### [YOUR OBJECTIVE]
Return, with both end lines included, exactly what the data below holds from the line with "活动伊始,校红十字宣讲人员介" through the line with "Concours de Belote", though not the pictures.

### [Data entries]
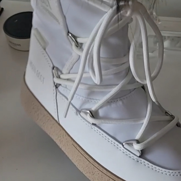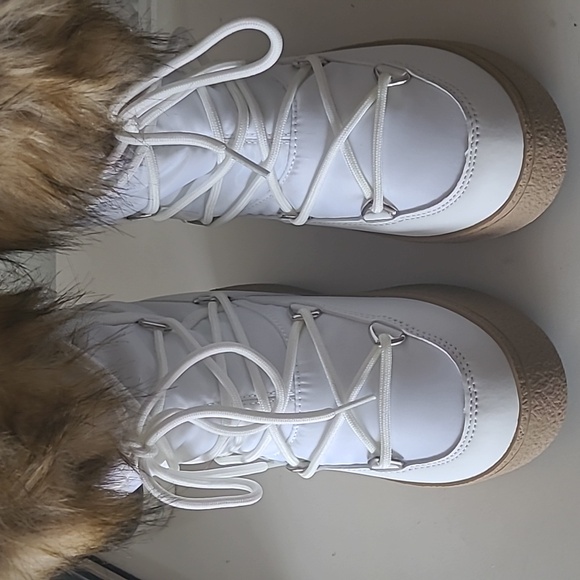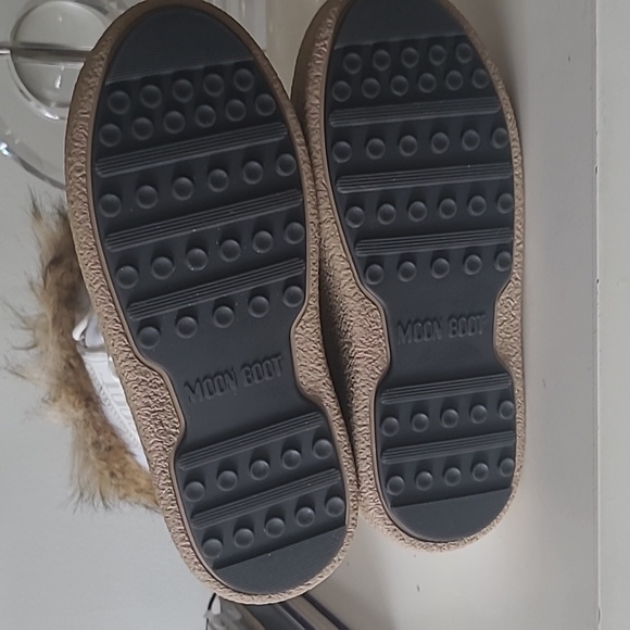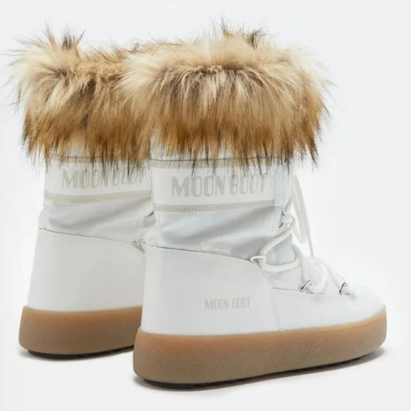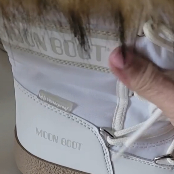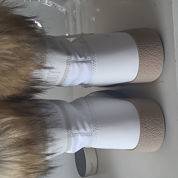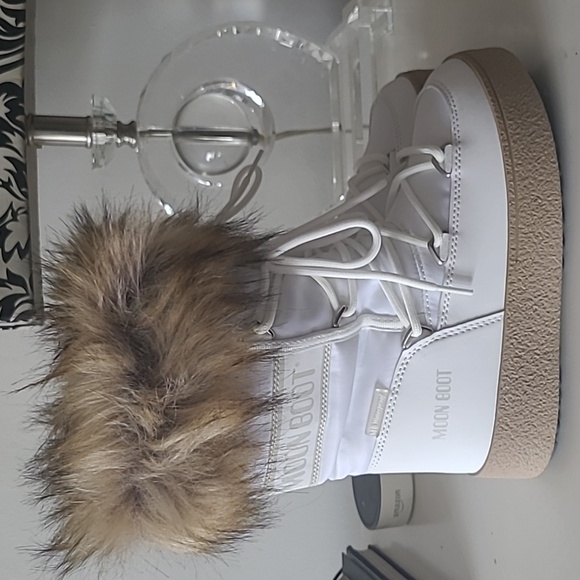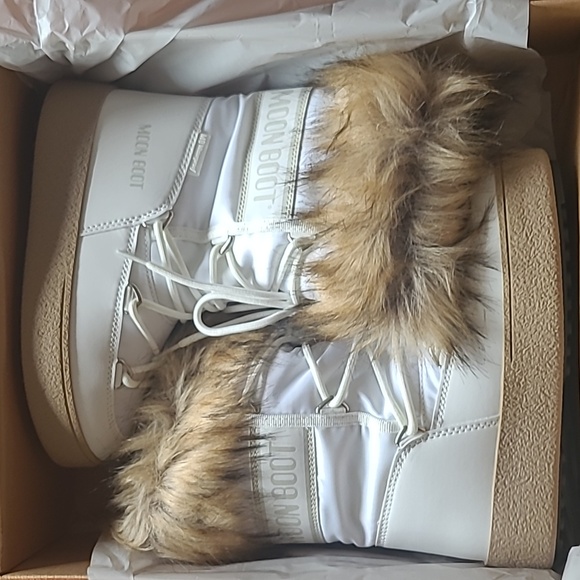 Brand new in box white Moon Boot with camel faux fur trim.INSULATED & 100% WATER-REPELLENT winter snow boots with soft faux fur collars that keep feet warm and dry on cold, snowy daysRUBBER TREAD SOLE WITH SUCTION PADS give these unisex winter boots serious ground control, keeping you on your feet in icy conditionsEASY-ON & AMBIDEXTROUS slip-on boots perfect for exploring the slopes in styleLIGHTWEIGHT thermoplastic midsole, PVC heel counter counter and trim, and drawstring at the top ensure these winter boots for women and men provide all-day comfort on your feet and a secure fit, keeping cold, snow, and debris from entering your bootsICON MOON BOOT SIZING: 5 Things To KnowIcon Moon Boots are multi-sized... clever, right? Here’s how the technology works, and what you need to know to find the perfect fit.What is multi-sizing?Tired of working out whether your feet are an EU 38, 38.5 or 39? We’ve made things easy. Each pair of Icon Moon Boots spans a range of sizes, so you can shop with confidence and be sure you’re choosing the best pair for you.The foam lining moulds to the shape of your footPlush, padded and designed to adapt to the size and shape of each foot, the technological foam lining is what makes the Icon Moon Boot so unique. Fun fact: the padding is bigger than the boot itself, so it will feel snug at first but begin to relax after just a few hours of wear.Go bigChoose one size larger than you usually would. Each pair runs a little small.
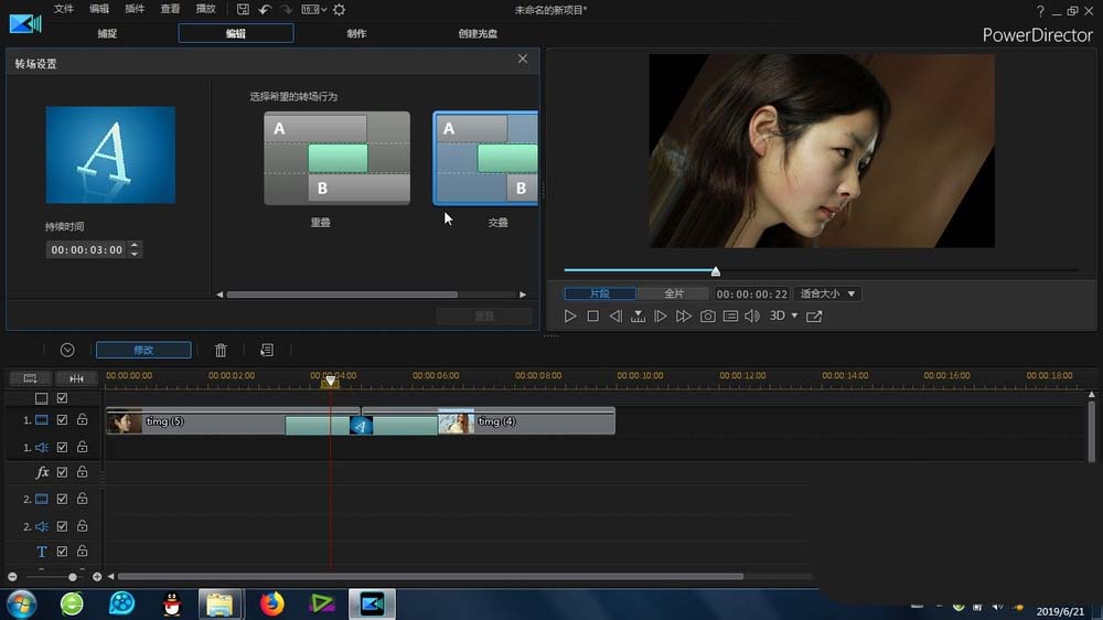 威力導演怎么給素材添加繞底部中心逆時針旋轉轉場效果?
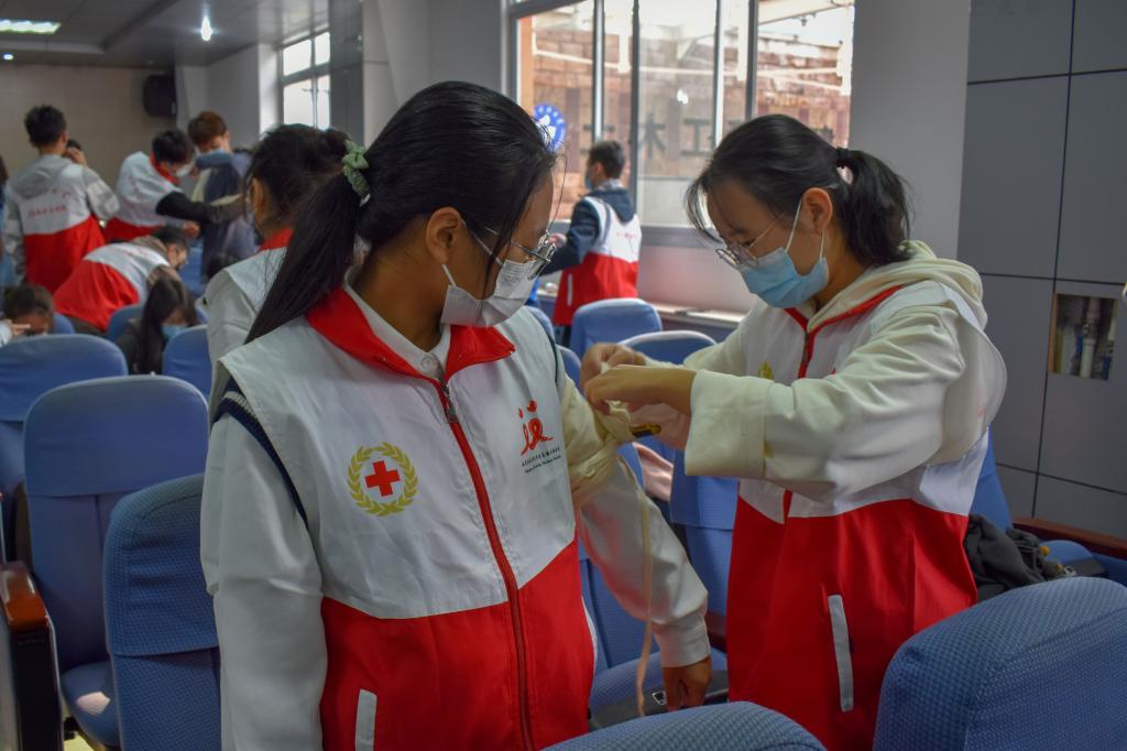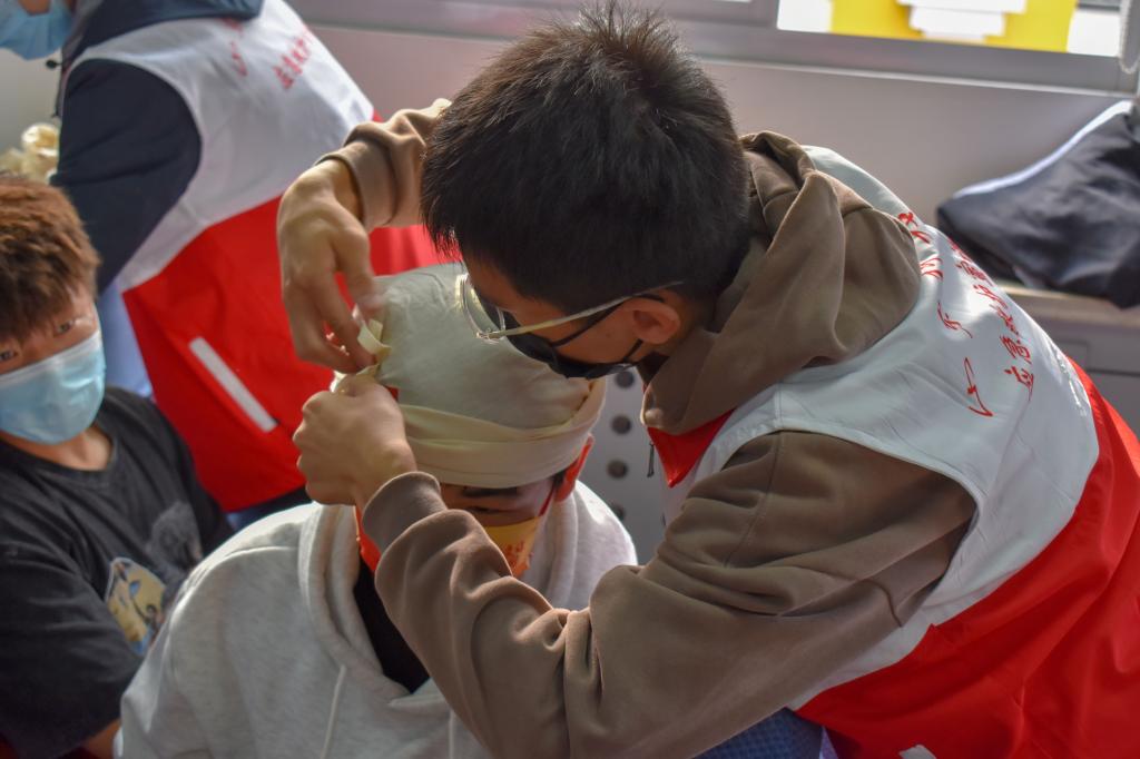 活动伊始,校红十字宣讲人员介绍此次宣讲的主要内容,流程包括血压测量、包扎止血、常见意外应对措施、建筑施工行业五大伤害以及心肺复苏五大部分。在讲解到包扎止血时,宣讲人员给同学们分发了三角巾和绷带,分别介绍并实操了肩部、胸部、头部、八字包扎和止血带止血法。
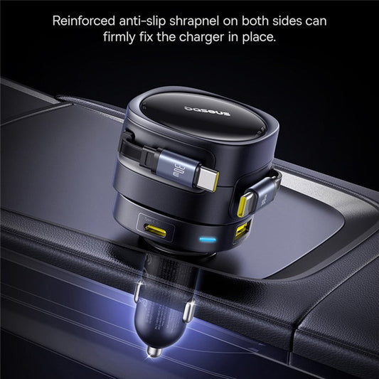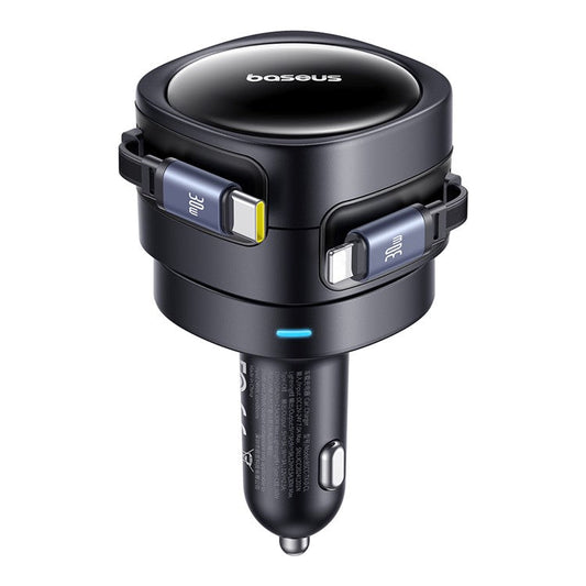 BASEUS Enjoyment Pro 60W Car Charger Type-C Port Power Adapter with Retractable Type-C Cable - Black
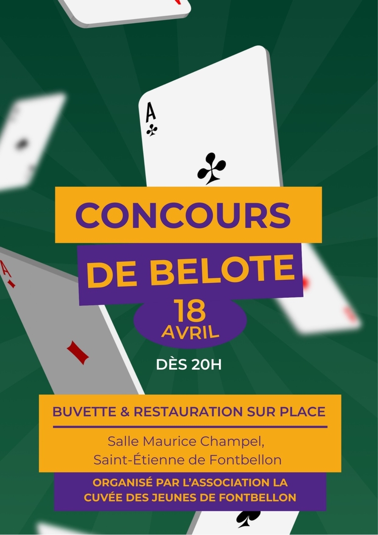 Concours de Belote organisé par La Cuvée des Jeunes de Fontbellon : Samedi 18 avril 2026 - 20h
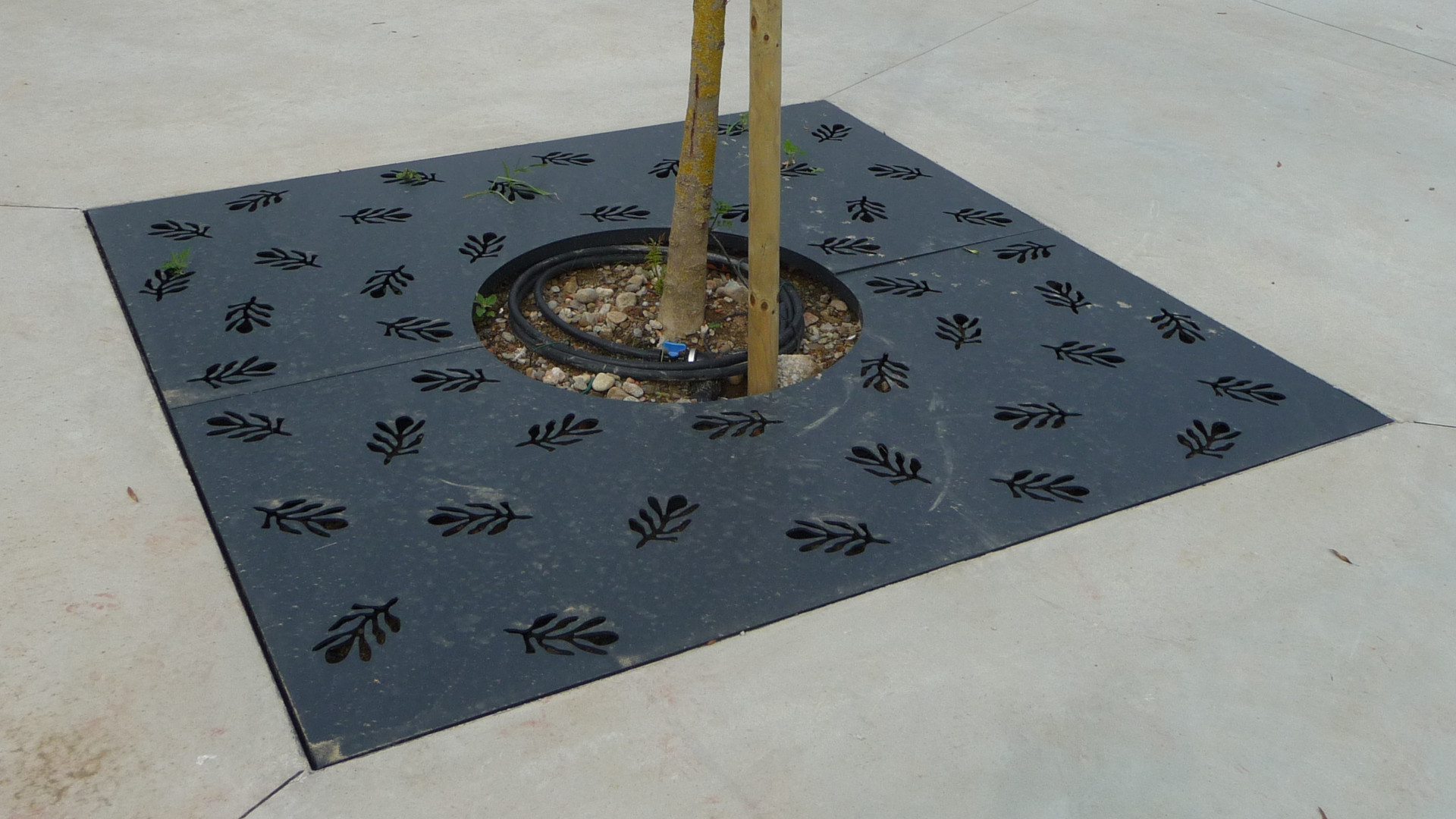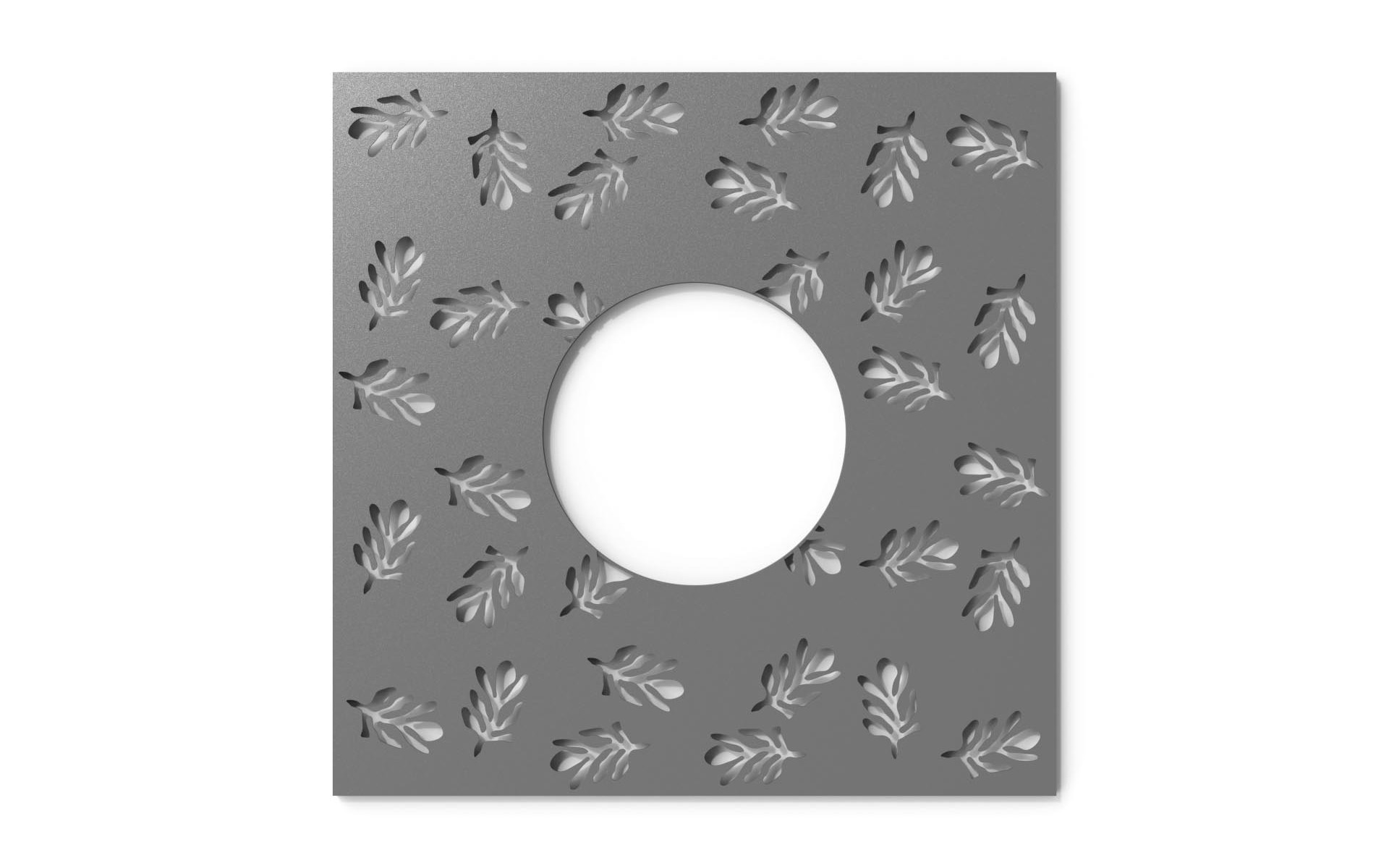 Salvapiante di forma quadrata con foro circolare, realizzato in lamiera d’acciaio decorato al laser con un elegante motivo floreale. Il design si compone di due metà, che possono essere facilmente fissate tra loro tramite viti, e include rinforzi in piatto d’acciaio posizionati internamente e lungo il perimetro. Disponibile in diverse versioni, che variano per misura e diametro del foro, il salvapiante è anche accessoriabile con un controtelaio, offrendo soluzioni versatili per ogni esigenza di spazio verde.

### [EXERCISE ANSWER]
 活动伊始,校红十字宣讲人员介绍此次宣讲的主要内容,流程包括血压测量、包扎止血、常见意外应对措施、建筑施工行业五大伤害以及心肺复苏五大部分。在讲解到包扎止血时,宣讲人员给同学们分发了三角巾和绷带,分别介绍并实操了肩部、胸部、头部、八字包扎和止血带止血法。
 BASEUS Enjoyment Pro 60W Car Charger Type-C Port Power Adapter with Retractable Type-C Cable - Black
 Concours de Belote organisé par La Cuvée des Jeunes de Fontbellon : Samedi 18 avril 2026 - 20h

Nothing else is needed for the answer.